Hyperinflating about a real, but limited far right populism problem in Ukraine ignores that it’s common to all European democracies. But it’s smaller in the bottom-up civic nationalist society of Ukraine than in more mono-ethnic European states. Does western Ukraine have a history of fascist ethno-nationalism represented by the figure of Stepan Bandera? Certainly. Is it an essentialistic and immutable feature of Ukrainian political identity? If it were Ukraine would never have elected a native Russian speaking Jew with 73% of the vote.

This Ukrainian’s 2019 Quora post about Bandera, Zelenskiy and Ukrainian nationalism paints a much more nuanced and realistic picture than the caricature of Code Pinkos’ and John Wight’s imagination:

“If Zelensky really supported Bandera, it would mean his undoing.
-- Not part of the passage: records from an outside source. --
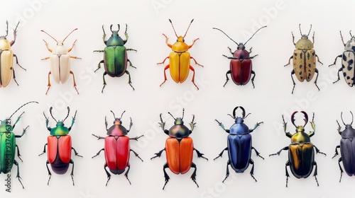 Naklejka premium Diverse array of colorful beetles arranged symmetrically against a white...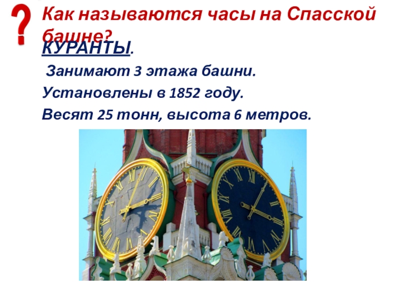 Слайд 23Как называются часы на Спасской башне?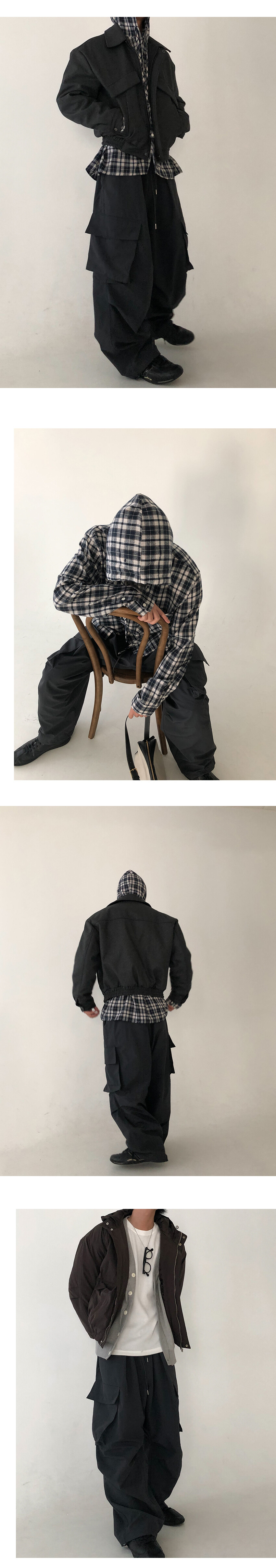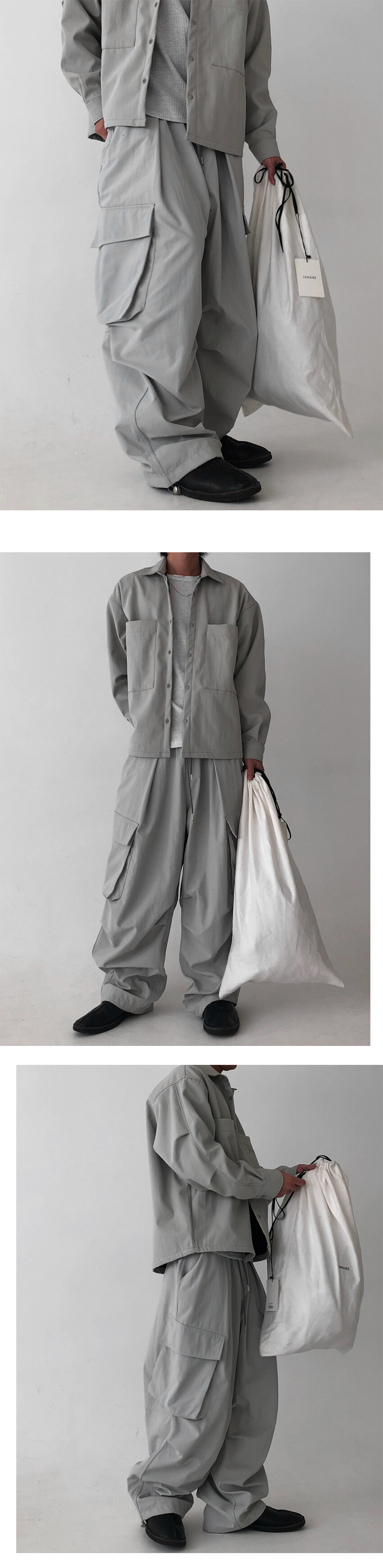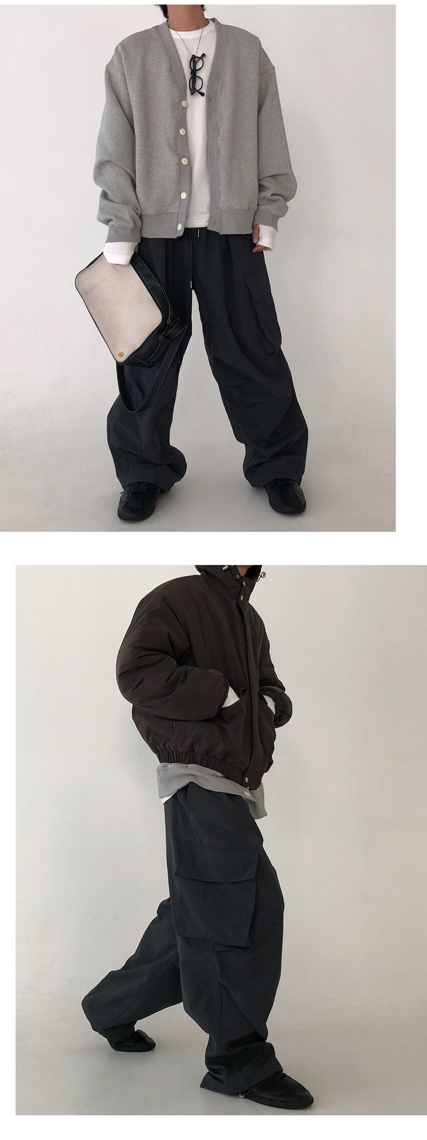나일론 원단 특성상 가을/겨울 시즌 착용시 차가운 느낌을 보완하기 위해 안쪽 면에 싱글원단으로 합포를 하여 제작한 카고바지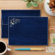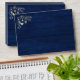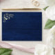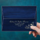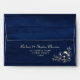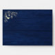Elegant, modern, rustic barn wood navy blue 5x7 envelope for wedding invitations with return address, string lights and gold gilded floral lace.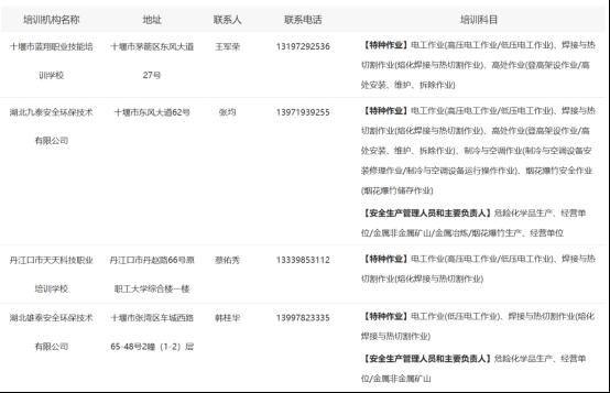 近日,十堰市应急管理局公布4所拥有安全生产培训资质的正规培训机构,包括:十堰市蓝翔职业技能培训学校、湖北九泰安全环保技术有限公司、丹江口市天天科技职业培训学校、湖北雄泰安全环保技术有限公司。公众如发现上述培训机构存在违规行为或市面上存在无证无照培训机构,可拨打0719-8119575进行举报。

Zelensky is a comedian, speaking mostly Russian, and a Jew….For Bandera those are enough reasons that Zelensky must not exist in Ukraine. As far as I remember the poll of early 2019 or late 2018, a bit more Ukrainian citizens dislike Bandera than like him. Bandera support never wins you majority of Center, South, and East of Ukraine. They never needed Bandera, he is nothing for them at best, rather an enemy. Most of my family, except one insane alcoholic, never said a good word about Bandera or his followers. More to it, to stand for Bandera means to be at odds with every neighbor country of Ukraine — what most Ukrainians need not. The more you support Bandera, the less votes you win in all-Ukrainian elections, as only in the West majority is really supportive of Bandera praisers. Zelensky faces an impossible job: he tries to win support in different ends of Ukraine, which were and are antagonists in their political choices. He may say that he likes Bandera, but that will cost him votes, and if he really supported Bandera, he wouldn’t win the elections.

P.S. Disclaimer: I voted for Zelensky in presidential elections, but just to bring down Poroshenko. I don’t like Zelensky and I’m not going to vote for his party in the parliament elections. If I believed that Zelensky really supports Bandera, I wouldn’t vote for him in any case.

I’ve had arguments with a Ukrainian friend about Bandera as an unacceptable hero. My American veteran friend in Kyiv married to a Ukrainian from Zelenskiy’s home town of Kryvih Rih says those in the center, south and east hate the Bandera hero worship of some westerners. Bandera support is clearly far less than the crazy Trumpster uncles at Thanksgiving dinner tables in America or Leghisti in Milan or Turin.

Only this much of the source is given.